Dive Brief:
- General Mills said net sales fell 5.2% to $3.79 billion in its third quarter, missing Wall Street's forecast of $3.82 billion, according to Reuters.
- Estimated net income attributable to the cereal, soup and yogurt maker was $357.8 million, or 61 cents per share in the quarter. It was $361.7 million, or 59 cents per share, in the same quarter a year ago. Excluding one-time items, the company earned 72 cents per share, beating the average analyst expectation by a cent.
- General Mills said third-quarter net sales for its North America Retail segment totaled $2.5 billion, down 7% from the prior year. The drop was led by double-digit declines in the U.S. Meals & Baking division — including Pillsbury, Old El Paso and Annie's brands —and its U.S. Yogurt operating unit. Organic net sales declined 8%.
Dive Insight:
General Mills, the maker of Chex, Nature Valley bars and Wheaties, has struggled along with other food giants as consumers shift toward products perceived as healthier and fresher and away from packaged products like cereal. The change has hit General Mills' bottom line hard: The most recent quarter was the company's seventh straight decline in sales, according to Reuters.

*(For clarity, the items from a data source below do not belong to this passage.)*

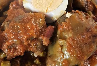 En mi tierra se prepara una comida de patatas y huevo, es un guiso muy rico que lleva además de patatas y huevos cocidos, alcachofas (alcaciles) y guisantes (pesoles), es un guiso que en mi casa se hacía tanto con huevos, con carne de pollo, de cordero y también con bacalao, un mismo fondo con distintos actores principales.
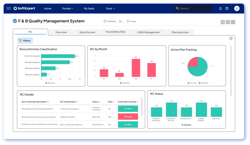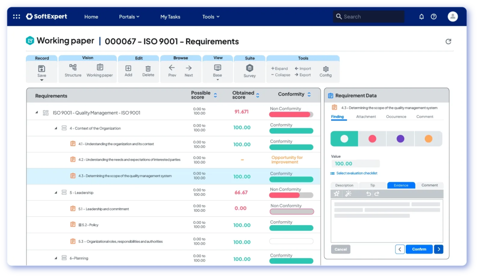 SoftExpert QMS is a complete solution that integrates and automates essential quality processes, such as planning, control, audits, documents, nonconformances, risks, suppliers and indicators. Gain more efficiency, standardization, and control across your entire operation.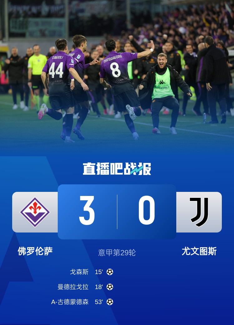 法喬利兩助攻,尤文0-3佛羅倫薩兩連敗,先賽距榜首9分。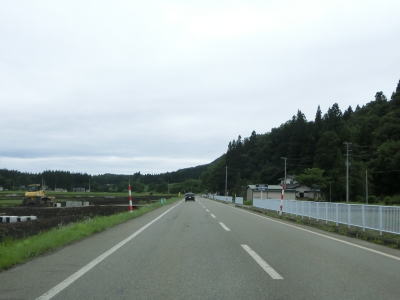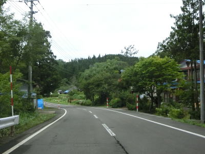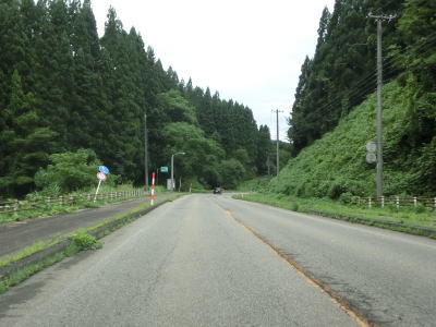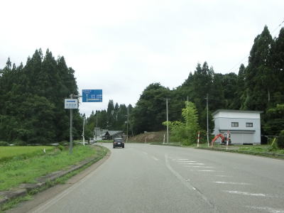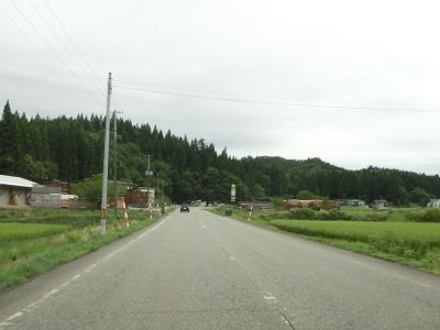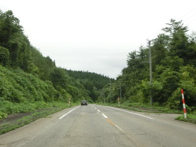 | アップダウンのある2車線道路を淡々と走る。交通量は少なく前走車の速度が遅くない限りはハイペースで走る事ができるだろう。出羽グリーンロードとの交差点を通過するが、案内標識に表記されていないが秋田r315が重複している。6%の勾配のアップダウンを繰り返しながら2車線道路を走る。集落も存在しているが、多くの家屋は旧道沿線にに建っており現在の国道沿いの家屋は少ない。 | ||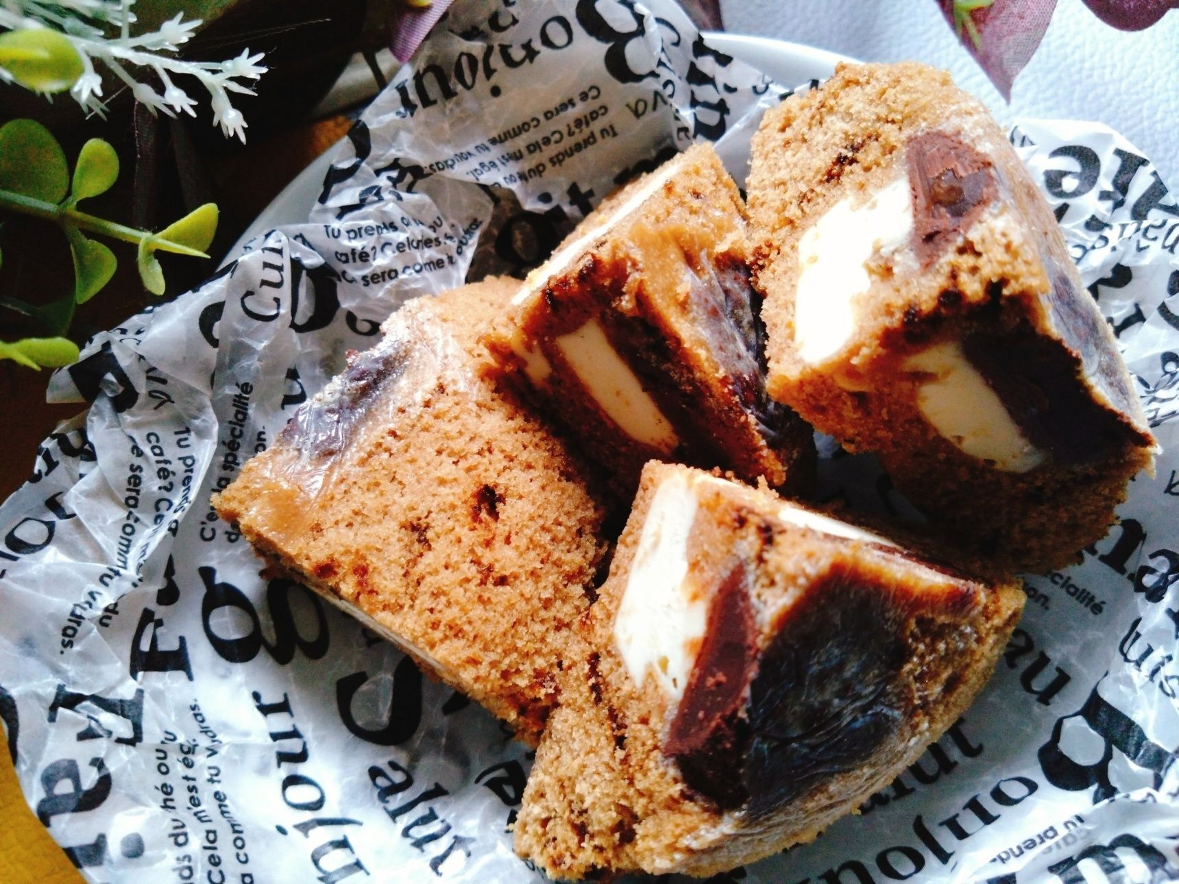 1.ボウルに生地を半量流し入れ、クリームチーズとチョコをのせて残りの生地を入れる。
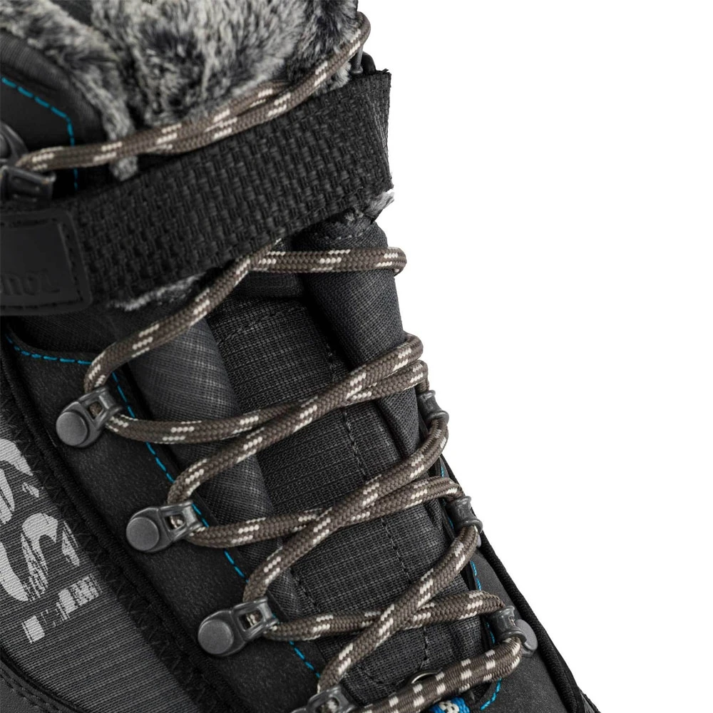 - Klassische Schnürung mit Metallhaken und Klettverschluss

For the company, the biggest impact has been in yogurt — about 13% of its sales — where Chobani overtook the company's Yoplait, the segment's long-established leader, to become the U.S.'s largest brand in the segment last year. General Mills needs the segment to be fixed to help reverse the drop in sales. Last year, it committed to overhauling 60% of the business to better align with consumer trends by adding new Greek varieties, flavors and organic options. But after posting a double-digit drop in the latest quarter, those initiatives are either still in their infancy, or the changes so far have not resonated with consumers. It could take several quarters before those efforts have a meaningful impact sales.
In order to remain competitive, the 151-year old Minnesota company has rapidly expanded into new growth areas popular with consumers, including the acquisition of organic foods maker Annie's in 2014. It's also invested in probiotic-startup Farmhouse Culture; Rhythm Superfoods, known for its kale, beet and broccoli chips, and D’s Naturals, a maker of low sugar plant-based No Cow protein bars and low-sugar, protein-infused nut butters.
General Mills should continue investing in alternative products craved by the consumer, but it can't lose sight of the fact that its current roster of products are the key to its future, at least in the near term. For the food manufacturer to win back customers it should keep overhauling its roster of products — working to show the public that even though it's a $35 billion business it can also be healthy and compete with the trendy startups.